The electro-optical sensor 16 is a photodiode fixed to the proximal end 9 
of the endoscope 7, as shown schematically in FIG. 2. The proximal end 9 
of the endoscope is terminated by a hollow cylindrical endpiece 17 whose 
internal surface is provided with a threading 18. The electro-optical 
sensor 16 is lodged inside a cylindrical mount 19 whose external surface 
is provided with a threading 20 made to co-operate with the threading 18 
of the end piece 17. Threadings 18 and 20 have a micrometric pitch and 
allow the position of the mount 19 to be a fine-adjusted relative to the 
end piece 17. 
The external surface 21 of the electro-optical sensor has an area of 
approximately 5 mm.sup.2, corresponding to the photosensitive zone of the 
electro-optical sensor 16, and is accurately positioned in the image plane 
of the endoscope's proximal lens 22. 
The front face of the mount 19 of the sensor 16 is closed by a window 23 
that is transparent to luminous flux. 
The electro-optical sensor 16 is connected to the processing means 
referring to FIG. 5, whose principle features shall now be explained. At 
each rotation of the knitting machine, a count-up encoder 27 delivers a 
number of pulses for sampling the analog signal delivered by the 
electro-optical sensor 16, the number of pulses being a function of the 
type of machine and corresponding e.g. to one sampling per half-column of 
stitching. A proximity sensor 28 delivers a fast signal indicating the 
beginning of a row. A sensor 29, synchronized with the knitting program, 
defines the starting point of the sock and resets the system at the first 
stitch of each sock. Another pair of sensors 30,31 indicates the beginning 
and end of the machine's alternating motions corresponding to the heel and 
toe portions of the socks. The complete processing system makes it 
possible to accurately locate the cartesian co-ordinate of each sampled 
signal. 
The two light sources are connected to a switch alternating the power 
supply to each source. 
The operation of the apparatus shall now be explained.
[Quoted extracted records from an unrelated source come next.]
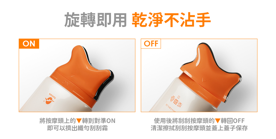 ◆按摩刮刮頭設計|邊擦邊推,吸收快又不沾手
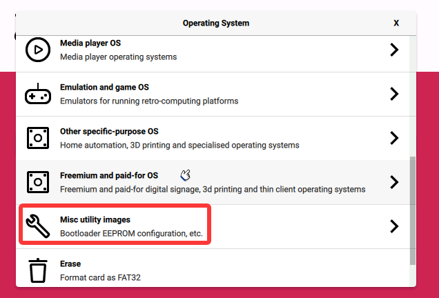 - Click "CHOOSE OS" and select "Misc utility images" in the pop-up pane.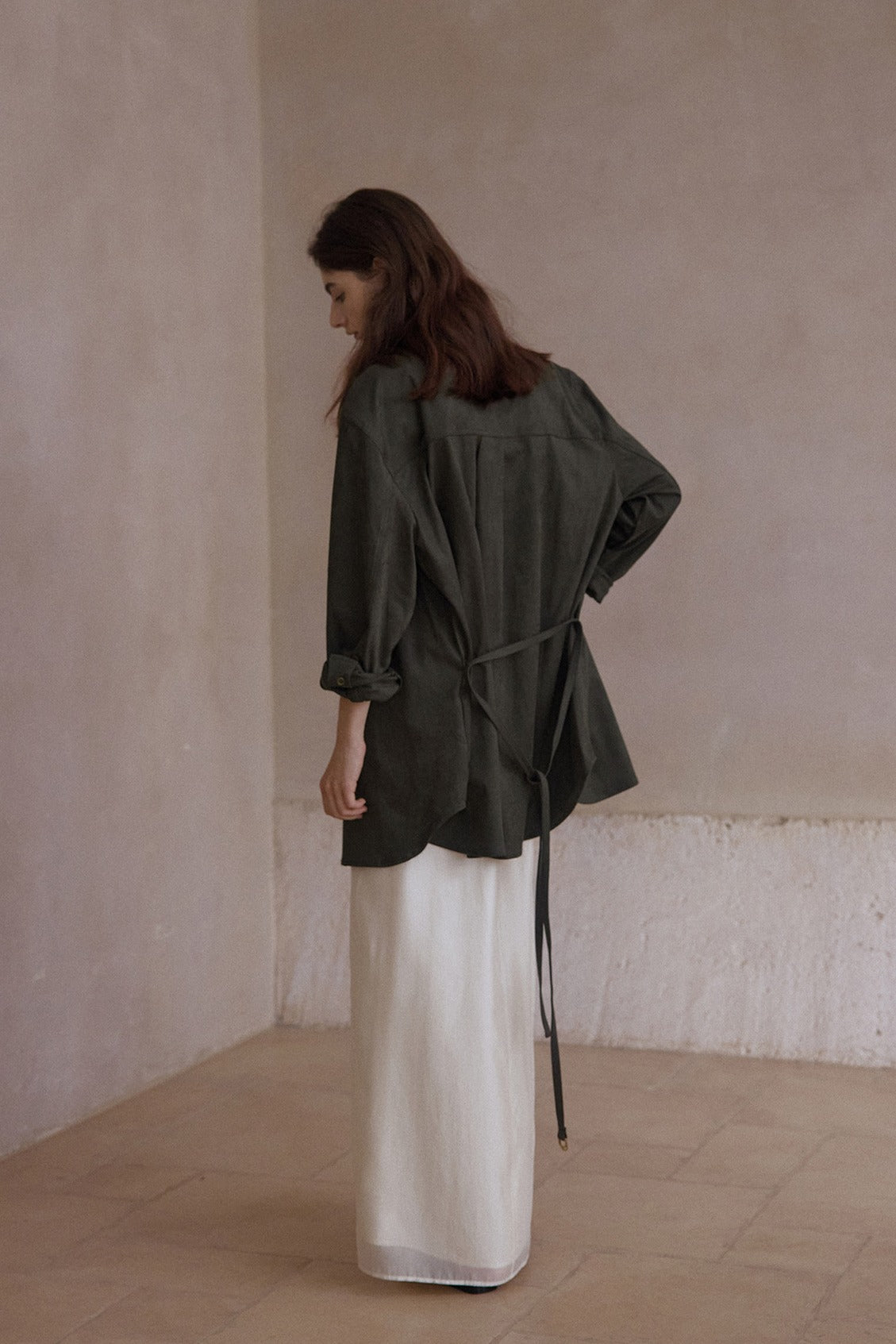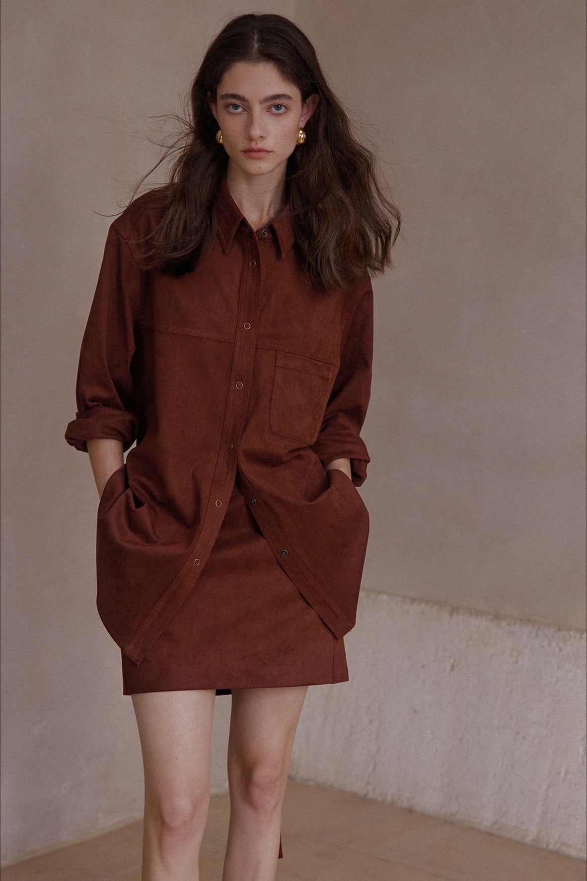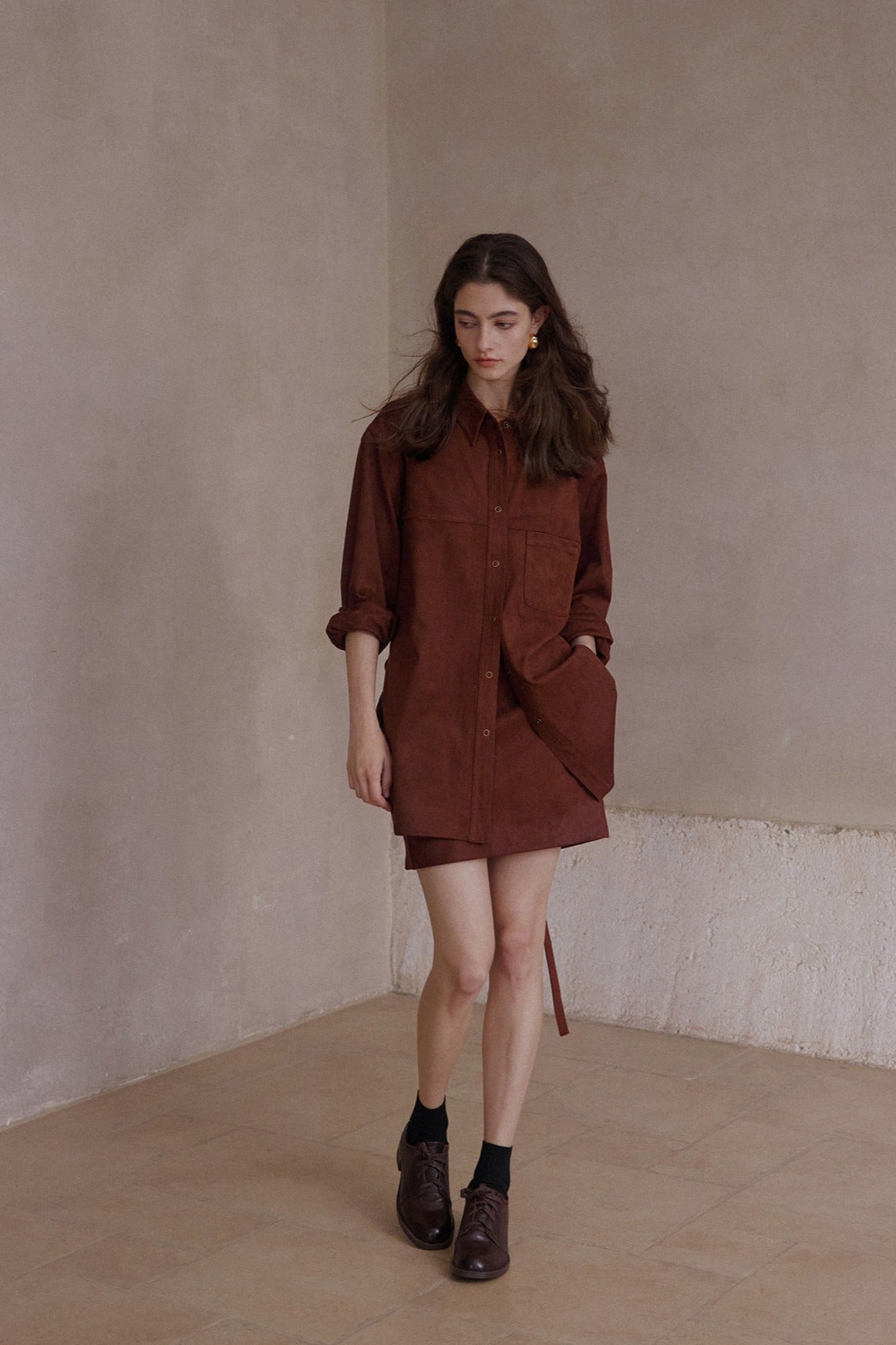 Elastic mid-length suede feel drawstring waist shirt-jacket | 3 color

For an easier 
understanding, the present description shall cover the case where only the 
luminous flux coming from the first source is used, this flux being 
transmitted through the knitted fabric. However, the following can also 
apply to a flux coming from the second source and reflected by the knitted 
fabric, as well as to an alternation of these two luminous fluxes. 
During knitting, the knitted fabric 6 descending from the needles 2 is 
uniformly stretched to enter the space comprised between the prism 11 and 
the distal end 8 of the endoscope 7. The luminous flux 24, produced by the 
first luminous source and guided by the optical fiber 10, is reflected by 
the prism 11, whereupon it reaches the distal lens 13 of the endoscope 
after having passed through a given zone of the knitted fabric 6. 
Accordingly, the flux received by the distal lens corresponds to the image 
of the inspected zone of the knitted fabric 6. 
The dimension of the inspected zone, i.e. the illuminated area, is adapted 
to the fabric's gauge to obtain an optimum level of filtering and 
contrast. As a typical value, an area of 6 mm.times.6 mm would correspond 
to a gauge of 14. Preferably, the area corresponds to a square whose sides 
contain 4 stitches. 
The luminous flux received by the distal lens 13 is conveyed along the 
endoscope 7 up to the image plane of the proximal lens 22, corresponding 
to the plane where the external surface 21 of the electro-optical sensor 
has been positioned. The electro-optical sensor 16 thus receives the real 
image of the inspected zone. 
Because of the rotation of the cylinder 1--and thus the knitted fabric 
6--as well as the gradual lowering of the knitted fabric 6 towards the 
interior surface of the cylinder 1 during the knitting process, the 
luminous flux continuously illuminates the knitted fabric in a helical 
fashion. The count-up encoder causes the continual flow of data produced 
by the electro-optical sensor 16 to be cut up into a succession of 
instantaneous portions each corresponding to the real image of an 
inspected zone. The number of sampling pulses per rotation of the machine 
is a function of the loom dimension, being e.g. 400 for a machine having 
200 needles. 
The number of sampling pulses and the dimensions of the inspected zone are 
determined such that there is a partial overlap of the successively 
inspected zones, both in the row and column directions. 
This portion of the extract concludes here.